Rethinking Routine in the Secondary Classroom

May 05, 2020

What kind of habits or routines do you traditionally establish in your classrooms? How linked are these with the big picture success you envision for your learners?

In this session, we'll talk about creating daily classroom routines that translate into the kind of lifelong habits our students need to achieve any goal they set.

Like anyone else, our students' success depends on the habits they build over time. But there's no such class in the school curriculum called The Art of Habit-Building or Habitual Literacy 101.

And while it might feel like teaching them good habits is their parents' job, or that of a life coach, a therapist (or a unicorn, for that matter), it actually IS our job, and here's why..

  1. Habits make goals happen.
  2. Habits define our character.

 

We are both in the business of helping our students achieve their goals AND responsible for shaping their character while they're in our care.

So what can we do to legitimately build strong habits with our learners, ones that will actually translate into their real lives down the road?
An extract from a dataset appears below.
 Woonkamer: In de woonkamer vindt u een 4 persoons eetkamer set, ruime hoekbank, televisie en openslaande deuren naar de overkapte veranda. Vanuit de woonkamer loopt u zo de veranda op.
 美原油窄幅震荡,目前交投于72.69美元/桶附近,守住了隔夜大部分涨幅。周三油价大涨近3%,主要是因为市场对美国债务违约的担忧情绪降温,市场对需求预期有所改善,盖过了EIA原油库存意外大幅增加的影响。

We can only hope our students will wake up each morning like Thomas Edison once did, intending, 'what good will I do?' and end each day by reflecting, 'what good have I done?'.

-- Jill Pavich

Habits make goals happen.

Is that binder check really teaching our kids to be organized? Is that 0 in the grade book actually instilling a lesson on deadlining?

I think not, my friends.

To be productive in an admittedly distracting era, where connections are instant and information is constant, they need a system, not a binder check.
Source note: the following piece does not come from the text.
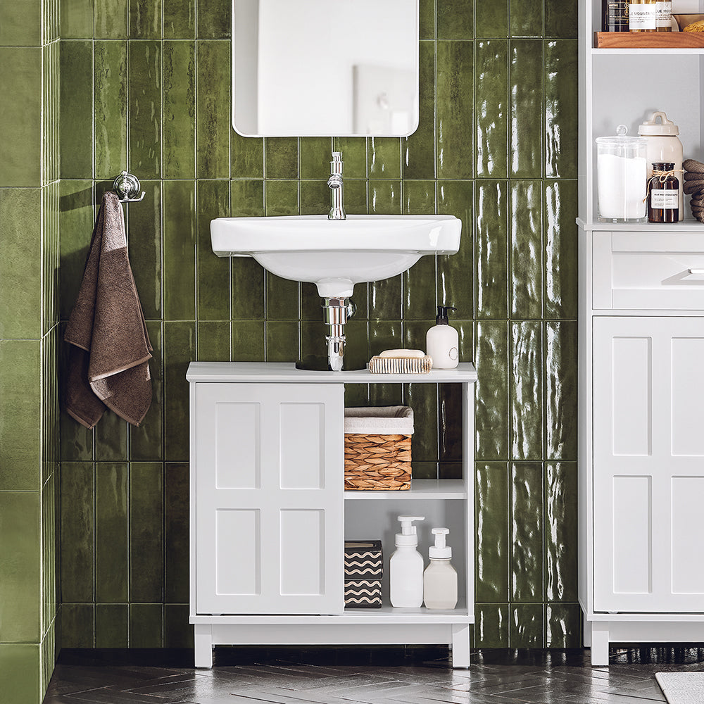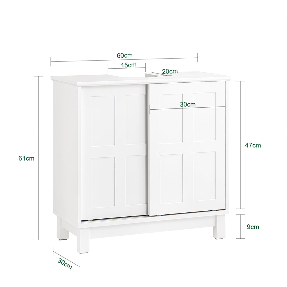 Ši pastatoma vonios spintelė po kriaukle 60x30x61 cm, baltos spalvos, suteiks jūsų vonios kambariui modernią ir elegantišką atmosferą. Dėl savo paprastos ir elegantiškos formos, ši spintelė puikiai derės prie įvairių interjero stilių.

To reach their goals, our students need a concrete game plan for moving incrementally in that direction, not a motivational poster hanging above our whiteboards.

If we establish strong routines with our students--ones that bear relevance in real life--they're more likely to develop the kind of lifelong habits that yield success again and again.

So, get creative! Try new routines! Encourage students to be part of building the routines in your classroom!